> [WHAT THE TASK REQUIRES] Since pictures are not part of the copy, please output only the lines from the one with "PL: Sam Konstas" through the end of the data below, exactly as written.

> [GIVEN DATA]
※

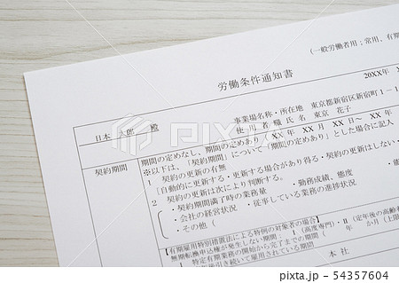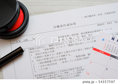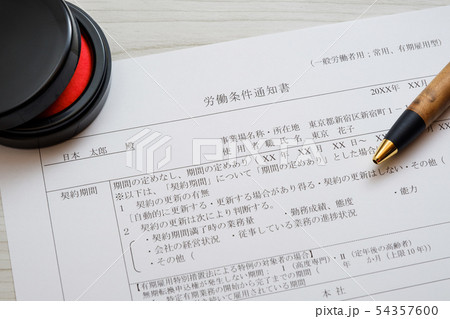 【写真素材】労働条件通知書 雇用条件 労働条件 就職 転職
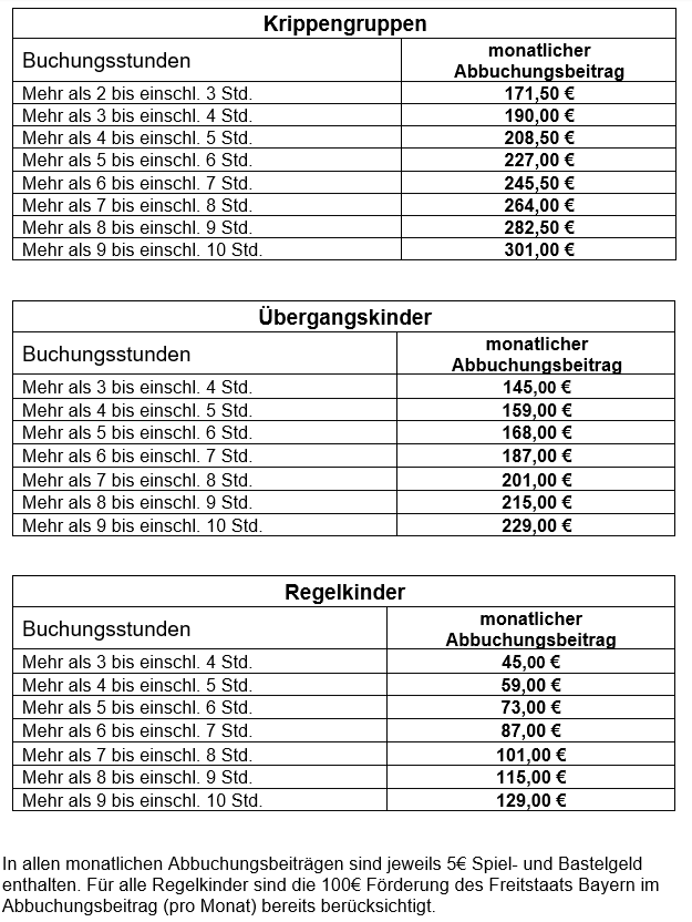 Die Höhe der Beitragskosten variieren je nach Alter des Kindes sowie der gebuchten Betreuungsdauer.
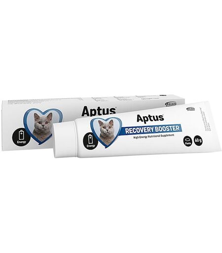 Aptus Recovery Booster Cat 60 g – diettfôrtilskudd for katter Reconvalescent Cat er et konsentrert diettfôrtilskudd for katter i pastaform. Aptus Recovery Booster Cat kan i en kort periode erstatte annet fôr ved manglende appetitt som følge av sykdom eller operasjon. Bruksanvisning Aptus Recovery Booster Cat 60 g Katter som er operert, har en infeksjon eller er under kreftbehandling er svake og får ofte dårlig appetitt. Uansett årsak, har disse kattene behov for lettfordøyelig og konsentrert næring med høyt energiinnhold tilpasset kattens ernæringsbehov. Egenskaper Aptus Recovery Booster Cat 60 g Denne pastaen fra Aptus inneholder essensielle aminosyrer, fettsyrer, vitaminer og energi i form av kyllingfett. Legg merke til at dosen bør bestemmes sammen med veterinær hvis produktet brukes over lengre tid. Kontakt veterinær ved / om : bruk over lengre periode, særlig hvis katten har problemer med nyrer og lever. se pakningsvedlegget for drektige katter og kattunger under 4 måneder. hør med veterinær hvis katten har urinstein. Kontakt også veterinær for råd om fortsatt behandling dersom katten kaster opp eller har diaré. Oppbevares i originalemballasjen i romstemperatur. Åpnet produkt bør brukes innen fire dager. ...
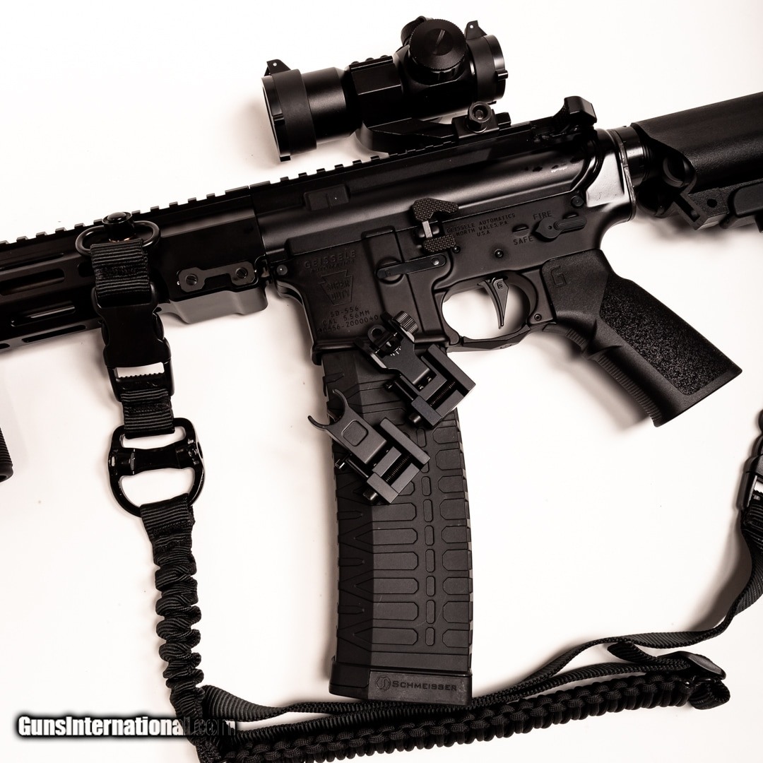 Description: Guns Listing ID: 591341 The Geissele Super Duty SD-556 combines the accuracy and speed of a competition gun with the rugged reliability of a combat-ready rifle. It is built from the ground up by Geissele and will make for a great target/training rifle and home defense tool. This SD-556 Super Duty features a red dot sight, vertical foregrip, 15\" M-Lok handguard, and a sling. Purchase includes the original box, manual, one 60-round magazine, and spare flip-up sights. It is in excellent condition! SOLD Manufacturer: GEISSELE AUTOMATICS Model: SUPER DUTY SD-556 Caliber Info: 5.56X45MM NATO Condition: Used - Certified Barrels: 16 BARREL Finish: BLACK |
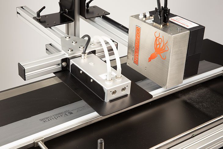 As a proven complement to Squid Ink’s growing family of industrial printing systems, Squid UV gives users more options for their coding and marking applications. In addition, water-cooled UV LED curing systems are clean and efficient, improve print quality due to immediate dry time, help to increase production rates, and are easy to integrate into existing production lines. Any way you look at it, Squid UV curing systems provide significant benefits to your manufacturing process.
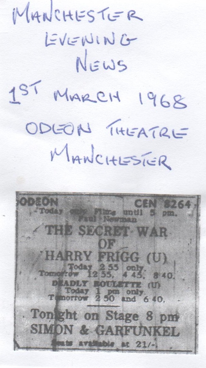 Having this page in my bookmark file, I thought I’d click on it for old time’s sake, to check for any updates there may be. It was I, “JayJay”, who filed the newspaper clipping shown above. As I stated in the note accompanying the clipping, the report on the Odeon concert was printed in the Manchester Evening News on the 2nd of March 1968. The article makes it clear that the concert took place the night before, which of course would make it the 1st of March. I have to say, it now being such a while ago, that I don’t hold much recollection of the night in question. I do, however, recall one of the duo (Simon, I believe it was) introducing the soon-to-be-released single “Mrs Robinson”, saying that it was from the soundtrack of an upcoming film.
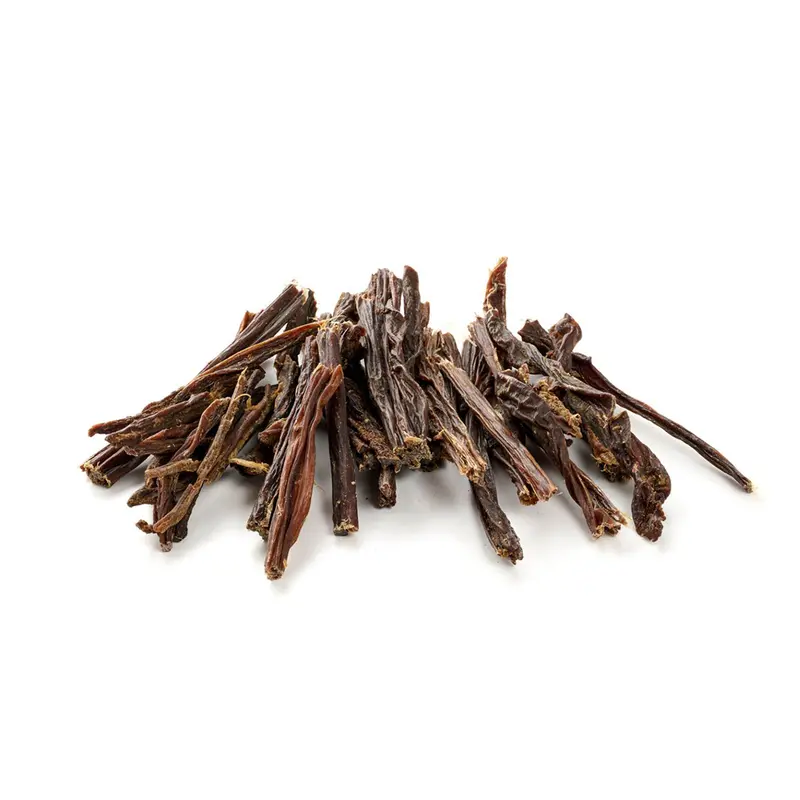Dieser feine Lamm-Snack wurde schonend getrocknet und ist eher mittelfest – also auch gut für Senioren geeignet.
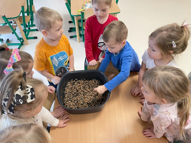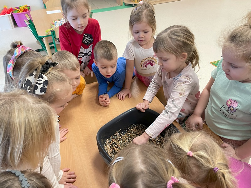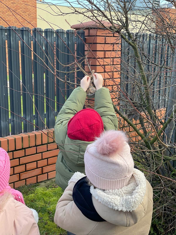 Przedszkolaki wiedzą, że zima to trudny czas dla ptaków, ze względu na niską temperaturę i trudne warunki pogodowe. W związku z tym ptaki mogą mieć problemy ze znalezieniem odpowiedniej ilości pokarmu. Dlatego dzieci z grupy „Żabek” przygotowały kule z ziaren, które porozwieszały na różnych gałązkach i krzaczkach w okolicy przedszkola. Nasi skrzydlaci przyjaciele na pewno są wdzięczni za taką pomoc.
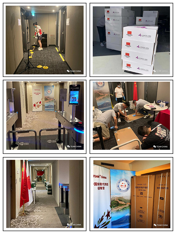 一是做好工作場所及保障營團組的防疫和安全管理。保障營始終堅守“防疫是第一要務”的要求,并針對運營場所特點制定了防疫流程和安保措施:防疫官助理監督所有人員必須佩戴口罩并完成每日檢測上傳;所有人員不在酒店餐廳用餐,取代以符合要求的餐飲供應商提供餐盒及補充食品;以自有工作團隊取代酒店服務人員提供日常服務,阻斷外界進出風險;所有外送物品均在酒店外車完成交接,酒店外設置消殺點對人員和物品進入前進行消殺;所有司機統一安排住宿,對接力人員入村前周轉和完賽人員回國前周轉進行分區管理,降低交叉風險;對租賃樓層進行封閉管理,加裝監控裝置和閘機,確保日常運營安全。此外,保障營充分調動合作企業和社會各界積極性,場地內訓練工作用水和大部分訓練器材,分別來自華潤怡寶和舒華從國內運輸的產品。另接收了星際光公司(安全消毒儀)、上海科馭健康科技(衣物消毒護理機)、福建柒牌時裝科技(防護服)、榮耀終端(手機及終端)等企業的捐贈物資用于協助工作。總體而言,保障營為東京奧運會參賽“零感染”做出了積極的努力。
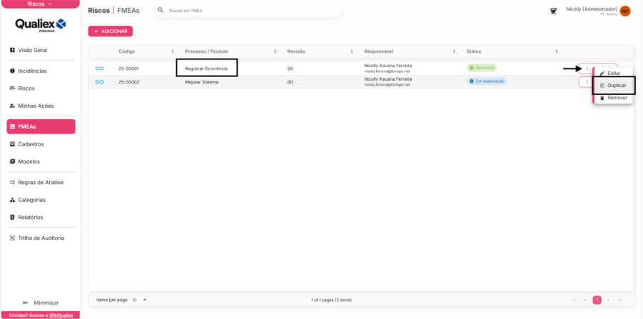 - Objetivo 1: Localizar a opção de "Duplicar" na lista de FMEAs.
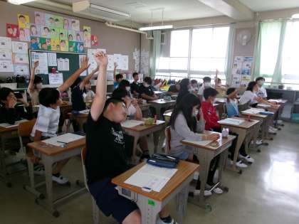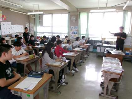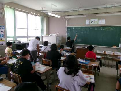 長方形の面積と直方体の体積を求める問題に挑戦していました。ただし,それぞれの辺の長さが分数になっています。分数でも整数と同じように,縦×横,あるいは縦×横×高さで面積や体積が求められることを確認した後,分数同士のかけ算に取り組んでいました。
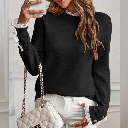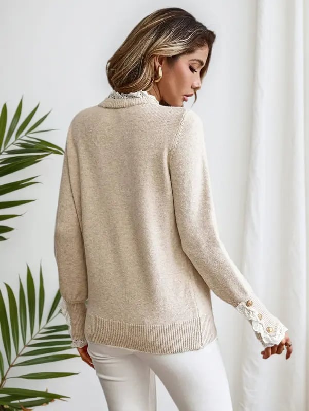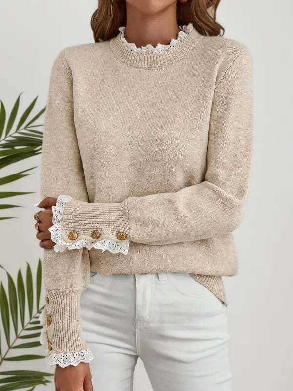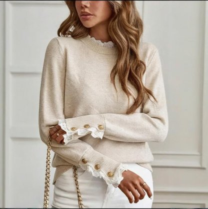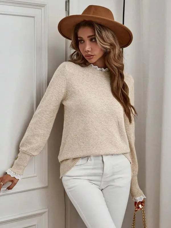 2025 Fashion Womenswear Fall Winter Round Neck Long Sleeve Knitted Sweater with Lace Trim Beige Color Chic Casual Knitwear Fitted Outfits Tops[Buy 2 Free Shipping]
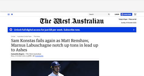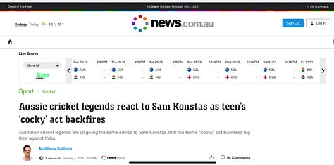 PL: Sam Konstas has the slimmest of chances of playing 1st Test, but there's a disturbing tone to some of this debate
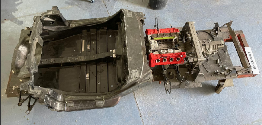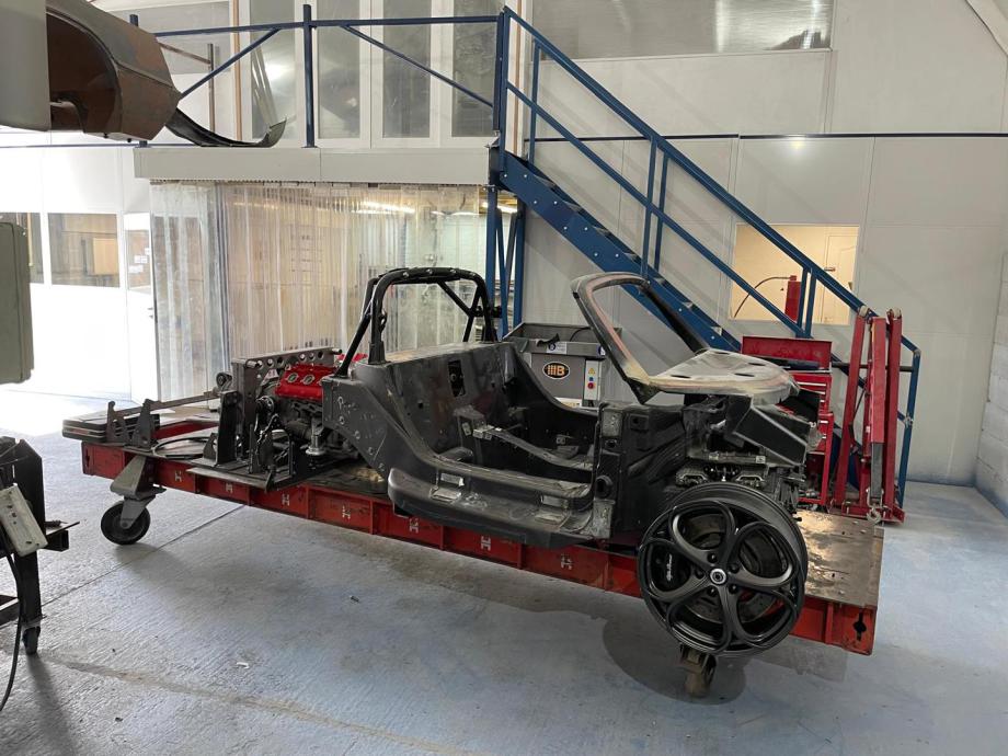 The car uses the Alfa Romeo 4C carbon fibre chassis with a new subframe to take the Alfa 8C V8 engine and our 6 speed manual gearbox. Suspension is upgrade at the front with our bespoke CNC machined aluminium uprights designed to take Alfa Giuia QV wheel bearings which allows us to fit Alfa 365mm front ventilated discs and 6 pot calipers with lightweight OZ wheels.
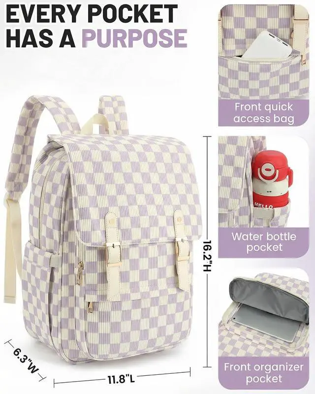 Women: The roomy main compartment fits most 15.6 -inch laptops, tablets, and chargers. Under the flip cover, front pockets fit pens, earbuds, or wireless mice perfectly. Two side elastic pockets securely hold water bottles, umbrellas, or travel mugs. A hidden anti-theft back pocket adds extra protection for passports, credit cards, and cashideal for daily commutes, college, or travel.

※

> [SOLUTION]
 PL: Sam Konstas has the slimmest of chances of playing 1st Test, but there's a disturbing tone to some of this debate
 The car uses the Alfa Romeo 4C carbon fibre chassis with a new subframe to take the Alfa 8C V8 engine and our 6 speed manual gearbox. Suspension is upgrade at the front with our bespoke CNC machined aluminium uprights designed to take Alfa Giuia QV wheel bearings which allows us to fit Alfa 365mm front ventilated discs and 6 pot calipers with lightweight OZ wheels.
 Women: The roomy main compartment fits most 15.6 -inch laptops, tablets, and chargers. Under the flip cover, front pockets fit pens, earbuds, or wireless mice perfectly. Two side elastic pockets securely hold water bottles, umbrellas, or travel mugs. A hidden anti-theft back pocket adds extra protection for passports, credit cards, and cashideal for daily commutes, college, or travel.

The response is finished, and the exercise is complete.